Top of GIVEN INFORMATION
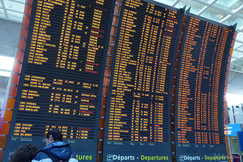 サン・ミシェル駅からRER B線を利用してシャルル・ド・ゴール空港まで30分ちょっと。空港にはターミナル1とターミナル2の二駅が存在する。イージージェットはターミナル2なので終点まで乗る。
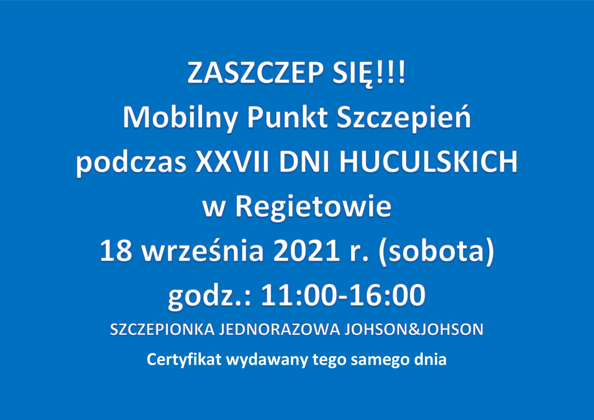 Informacja o szczepieniu podczas Dni Huculskich
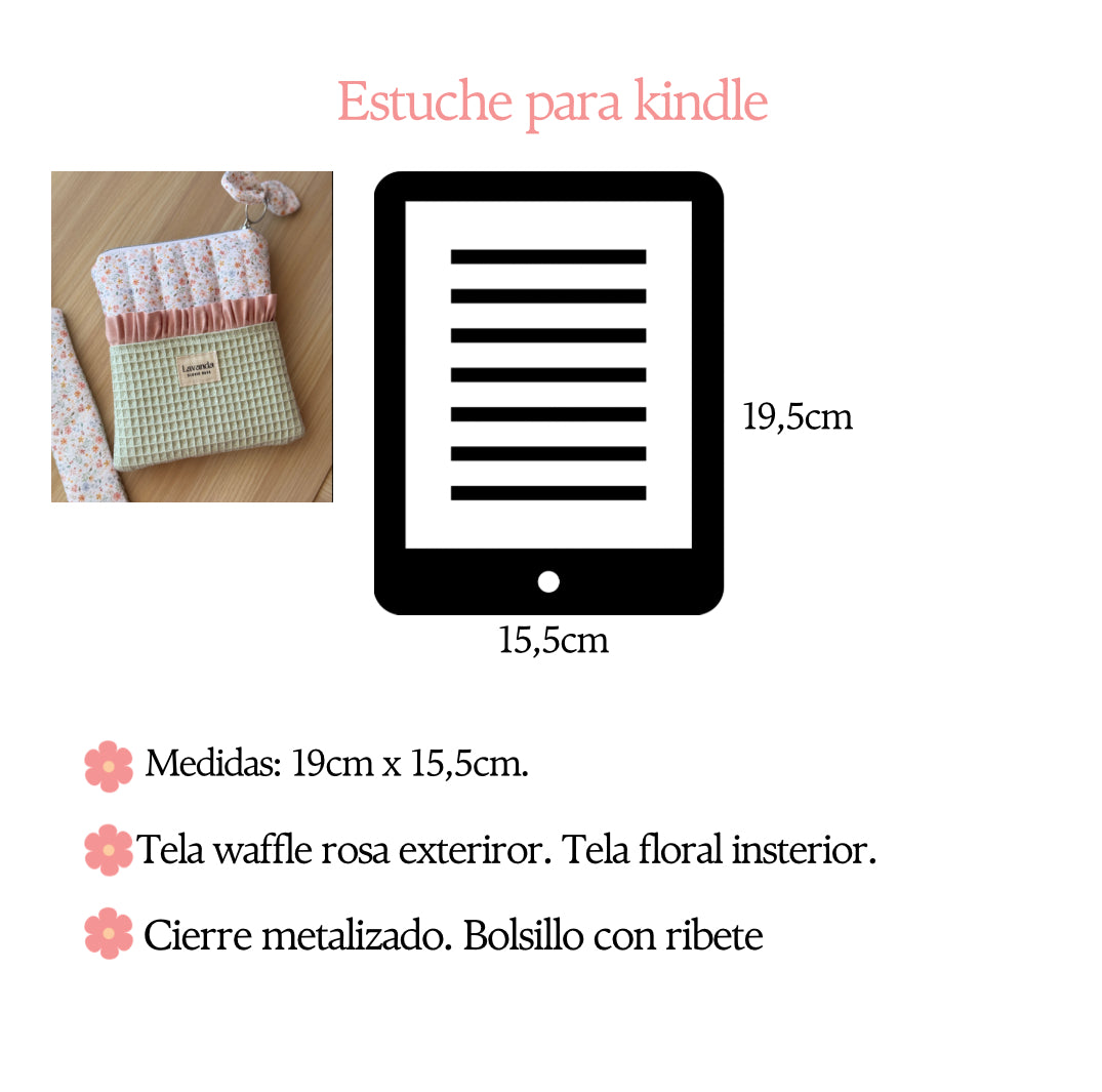 -kindle sleeve waffle menta y Flores pastel + ribete rosa 15,5cm x 19,5cm
Bottom of GIVEN INFORMATION
#### ACTION ITEM:
Output the material verbatim, skipping the images.

#### RESULT OF THIS EXERCISE:
 サン・ミシェル駅からRER B線を利用してシャルル・ド・ゴール空港まで30分ちょっと。空港にはターミナル1とターミナル2の二駅が存在する。イージージェットはターミナル2なので終点まで乗る。
 Informacja o szczepieniu podczas Dni Huculskich
 -kindle sleeve waffle menta y Flores pastel + ribete rosa 15,5cm x 19,5cm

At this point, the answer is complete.